Relationship researchers have found that couples with happy, fulfilling, passionate relationships give at least 5X more positive input to their partners than “negative/toxic” input. We used to say, offer any concerns in a “complement sandwich.” (Give a complement, express your concern, then give another complement). Now we realize that is far too little. My challenge to you this week is this … make note of how much positive input you invest into your relationship. None of us can do this perfectly, but if you are investing less than 5X more in positives in relation to your “less than your best moments” … you are actively doing damage to your relationship. 

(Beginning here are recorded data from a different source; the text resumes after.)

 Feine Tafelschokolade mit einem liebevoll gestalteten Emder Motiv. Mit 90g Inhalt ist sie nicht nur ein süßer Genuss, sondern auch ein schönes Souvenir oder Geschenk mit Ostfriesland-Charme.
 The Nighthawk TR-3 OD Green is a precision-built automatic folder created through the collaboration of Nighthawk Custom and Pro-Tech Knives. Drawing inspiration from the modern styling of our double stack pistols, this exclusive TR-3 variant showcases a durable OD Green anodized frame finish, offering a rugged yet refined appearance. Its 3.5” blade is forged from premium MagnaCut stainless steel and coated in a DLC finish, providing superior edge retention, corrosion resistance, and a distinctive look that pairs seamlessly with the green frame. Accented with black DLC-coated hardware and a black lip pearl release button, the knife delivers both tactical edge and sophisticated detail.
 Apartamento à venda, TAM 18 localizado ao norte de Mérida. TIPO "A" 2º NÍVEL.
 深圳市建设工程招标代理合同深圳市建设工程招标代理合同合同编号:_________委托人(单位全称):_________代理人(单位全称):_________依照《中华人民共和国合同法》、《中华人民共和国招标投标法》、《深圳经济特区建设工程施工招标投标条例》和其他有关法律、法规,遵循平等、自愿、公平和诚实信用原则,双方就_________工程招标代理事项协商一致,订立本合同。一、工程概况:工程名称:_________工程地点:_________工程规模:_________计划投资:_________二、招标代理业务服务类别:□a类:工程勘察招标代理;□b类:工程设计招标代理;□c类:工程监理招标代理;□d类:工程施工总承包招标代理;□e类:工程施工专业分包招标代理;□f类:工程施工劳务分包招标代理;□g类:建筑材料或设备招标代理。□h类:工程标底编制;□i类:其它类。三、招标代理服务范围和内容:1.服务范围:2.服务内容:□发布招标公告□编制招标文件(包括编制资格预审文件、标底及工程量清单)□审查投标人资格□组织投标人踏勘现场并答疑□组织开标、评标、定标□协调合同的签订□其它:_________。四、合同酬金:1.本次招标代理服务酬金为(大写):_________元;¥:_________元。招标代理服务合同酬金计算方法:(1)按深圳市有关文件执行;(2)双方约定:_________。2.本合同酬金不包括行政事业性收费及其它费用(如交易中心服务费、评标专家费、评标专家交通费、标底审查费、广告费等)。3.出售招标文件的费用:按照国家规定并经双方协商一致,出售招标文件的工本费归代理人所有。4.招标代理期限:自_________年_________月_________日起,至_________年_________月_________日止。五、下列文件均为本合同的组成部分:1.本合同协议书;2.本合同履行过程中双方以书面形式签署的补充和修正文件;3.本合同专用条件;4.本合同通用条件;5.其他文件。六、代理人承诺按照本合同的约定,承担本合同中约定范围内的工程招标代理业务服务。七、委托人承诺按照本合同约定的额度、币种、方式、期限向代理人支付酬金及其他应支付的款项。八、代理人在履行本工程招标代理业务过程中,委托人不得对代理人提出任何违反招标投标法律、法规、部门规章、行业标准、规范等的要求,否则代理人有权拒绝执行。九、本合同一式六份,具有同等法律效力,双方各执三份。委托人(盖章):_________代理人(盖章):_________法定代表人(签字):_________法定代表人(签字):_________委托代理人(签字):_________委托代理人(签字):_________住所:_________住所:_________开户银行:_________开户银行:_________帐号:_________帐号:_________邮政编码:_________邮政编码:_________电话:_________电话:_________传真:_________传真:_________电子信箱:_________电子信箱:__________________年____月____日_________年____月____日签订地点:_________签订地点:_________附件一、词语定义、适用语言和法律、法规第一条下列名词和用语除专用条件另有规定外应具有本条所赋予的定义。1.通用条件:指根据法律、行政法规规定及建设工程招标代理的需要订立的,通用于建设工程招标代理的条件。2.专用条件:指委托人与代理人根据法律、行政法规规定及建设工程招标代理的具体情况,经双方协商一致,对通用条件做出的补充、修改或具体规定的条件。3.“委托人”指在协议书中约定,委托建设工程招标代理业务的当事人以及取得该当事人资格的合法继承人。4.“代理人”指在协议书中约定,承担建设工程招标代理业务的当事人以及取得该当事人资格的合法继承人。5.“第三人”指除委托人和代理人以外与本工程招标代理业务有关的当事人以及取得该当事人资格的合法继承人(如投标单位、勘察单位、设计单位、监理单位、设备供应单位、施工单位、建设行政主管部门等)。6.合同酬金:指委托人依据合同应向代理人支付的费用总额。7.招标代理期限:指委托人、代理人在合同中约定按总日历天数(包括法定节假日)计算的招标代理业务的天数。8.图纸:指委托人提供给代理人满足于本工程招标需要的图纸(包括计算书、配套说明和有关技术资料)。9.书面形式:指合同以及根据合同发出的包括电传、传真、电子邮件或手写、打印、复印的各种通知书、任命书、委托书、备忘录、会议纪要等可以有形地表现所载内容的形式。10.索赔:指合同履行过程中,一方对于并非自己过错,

Make many positive investments into your relationship daily. Simple things, such as:

·      Expressing gratitude to your partner

·      Giving an unexpected long, sincere hug

·      Sending a text stating how much they mean to you for no reason at all

·      Plan an unexpected outing (go for a walk at the fair and watch people try to win stuffed animals)

·      Give a gentle neck rub when your partner is stressed

·      Prepare a special meal and serve it with candlelight for no occasion at all

·      Run some errands for them

·      Ask them how you can make their day better

·      Put their towel in the dryer while they are in the shower, and wrap them in a warm towel when they step out

·      Pick some flowers and put them in a Dixie cup and leave a note telling them how much you love them

·      Send a little gift to them at work for no reason

There are many to choose from. And by the way, the “big things” … like planning a surprise vacation, are awesome, but they are not nearly as effective as the small, but consistent, day-to-day investments. 

Not only that, but the little investments require less effort and energy than harboring negative thoughts, or going into a “funk” over your partner’s imperfections. And they actually reverse some of the negative health effects imposed by negative/toxic thoughts!